Copy the records word for word. Pictures do not go in.

Collected data
---
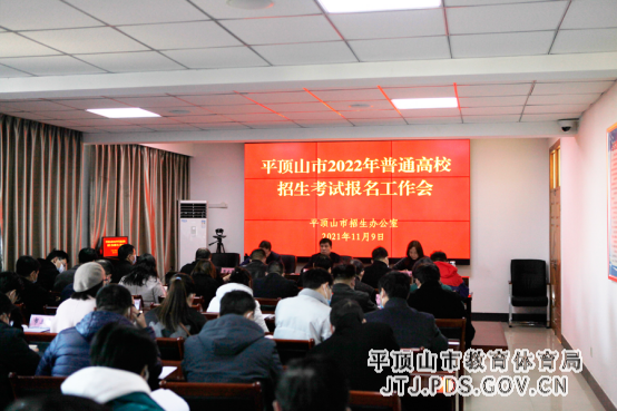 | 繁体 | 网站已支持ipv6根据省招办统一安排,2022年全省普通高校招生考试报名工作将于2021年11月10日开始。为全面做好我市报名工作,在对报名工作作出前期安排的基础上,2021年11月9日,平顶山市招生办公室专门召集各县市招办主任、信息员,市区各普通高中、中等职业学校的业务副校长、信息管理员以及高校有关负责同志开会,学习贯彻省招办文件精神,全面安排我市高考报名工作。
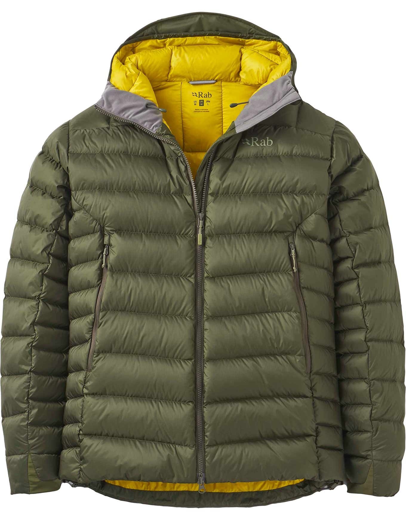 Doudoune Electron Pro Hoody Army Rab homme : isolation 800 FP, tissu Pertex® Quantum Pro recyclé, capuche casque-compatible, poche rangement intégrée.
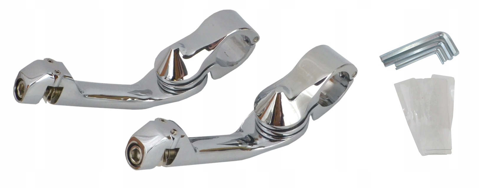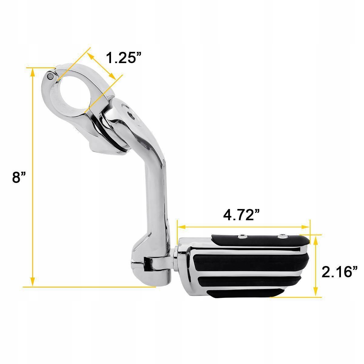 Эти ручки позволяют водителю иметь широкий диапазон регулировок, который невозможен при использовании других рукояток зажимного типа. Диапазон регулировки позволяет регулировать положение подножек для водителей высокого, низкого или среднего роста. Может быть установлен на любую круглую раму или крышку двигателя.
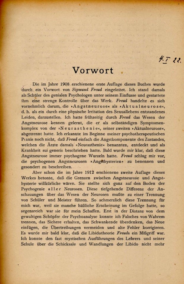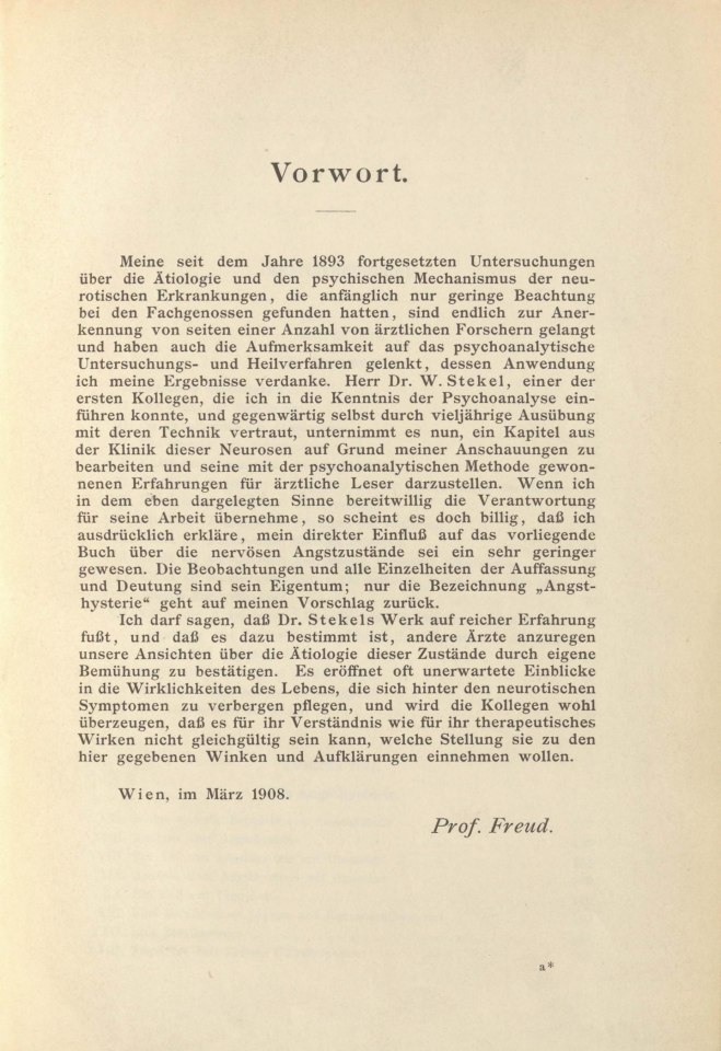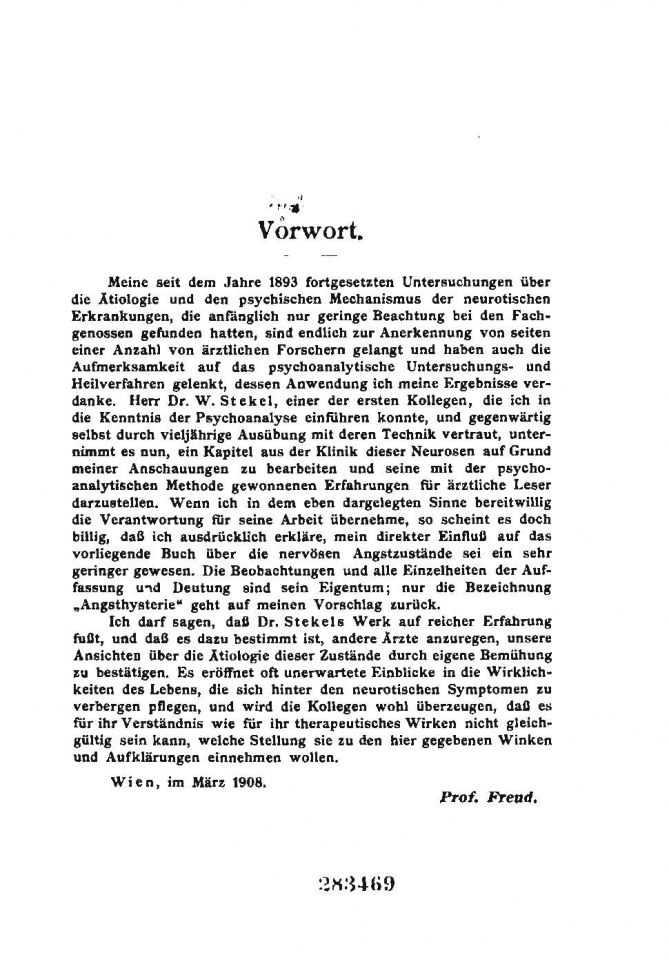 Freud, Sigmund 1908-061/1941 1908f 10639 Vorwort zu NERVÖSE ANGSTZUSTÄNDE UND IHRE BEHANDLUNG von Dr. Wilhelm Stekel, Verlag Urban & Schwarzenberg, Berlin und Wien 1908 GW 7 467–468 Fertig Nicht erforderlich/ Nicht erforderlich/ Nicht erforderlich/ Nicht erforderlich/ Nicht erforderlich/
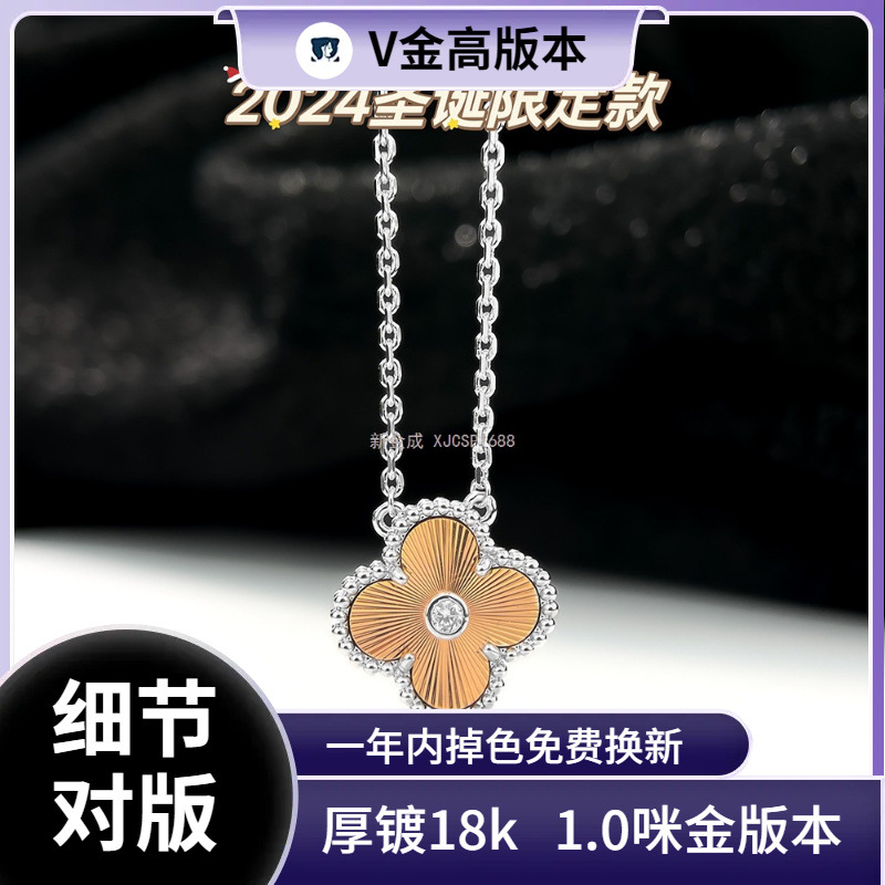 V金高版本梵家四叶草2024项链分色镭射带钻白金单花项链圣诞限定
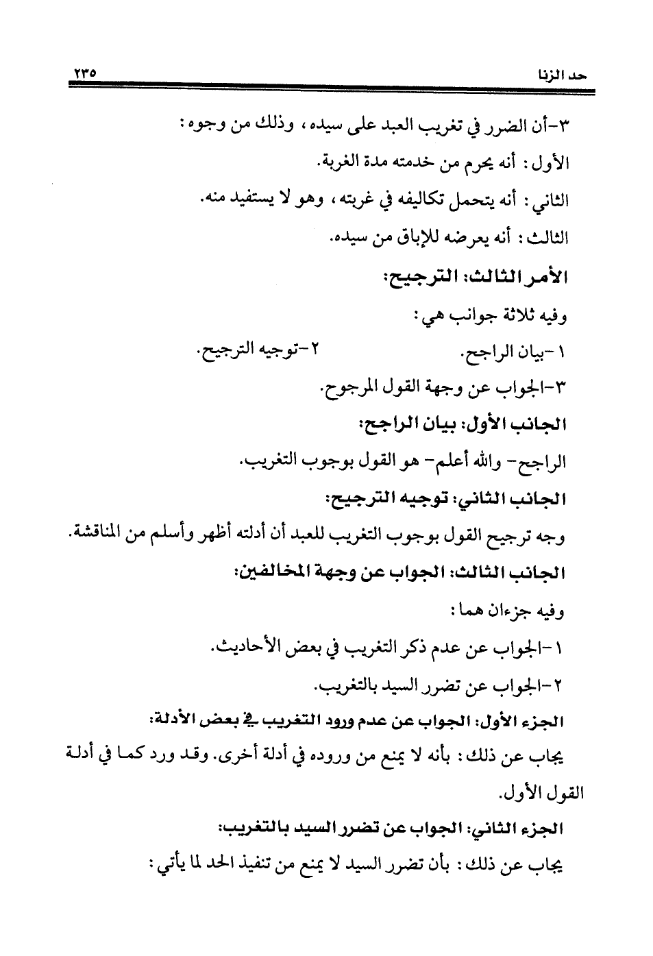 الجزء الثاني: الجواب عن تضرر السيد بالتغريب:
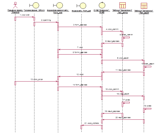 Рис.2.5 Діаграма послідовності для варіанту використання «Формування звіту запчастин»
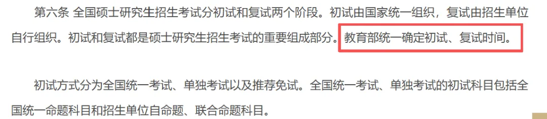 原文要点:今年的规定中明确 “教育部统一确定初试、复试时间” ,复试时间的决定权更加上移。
---
**Written answer**
 | 繁体 | 网站已支持ipv6根据省招办统一安排,2022年全省普通高校招生考试报名工作将于2021年11月10日开始。为全面做好我市报名工作,在对报名工作作出前期安排的基础上,2021年11月9日,平顶山市招生办公室专门召集各县市招办主任、信息员,市区各普通高中、中等职业学校的业务副校长、信息管理员以及高校有关负责同志开会,学习贯彻省招办文件精神,全面安排我市高考报名工作。
 Doudoune Electron Pro Hoody Army Rab homme : isolation 800 FP, tissu Pertex® Quantum Pro recyclé, capuche casque-compatible, poche rangement intégrée.
 Эти ручки позволяют водителю иметь широкий диапазон регулировок, который невозможен при использовании других рукояток зажимного типа. Диапазон регулировки позволяет регулировать положение подножек для водителей высокого, низкого или среднего роста. Может быть установлен на любую круглую раму или крышку двигателя.
 Freud, Sigmund 1908-061/1941 1908f 10639 Vorwort zu NERVÖSE ANGSTZUSTÄNDE UND IHRE BEHANDLUNG von Dr. Wilhelm Stekel, Verlag Urban & Schwarzenberg, Berlin und Wien 1908 GW 7 467–468 Fertig Nicht erforderlich/ Nicht erforderlich/ Nicht erforderlich/ Nicht erforderlich/ Nicht erforderlich/
 V金高版本梵家四叶草2024项链分色镭射带钻白金单花项链圣诞限定
 الجزء الثاني: الجواب عن تضرر السيد بالتغريب:
 Рис.2.5 Діаграма послідовності для варіанту використання «Формування звіту запчастин»
 原文要点:今年的规定中明确 “教育部统一确定初试、复试时间” ,复试时间的决定权更加上移。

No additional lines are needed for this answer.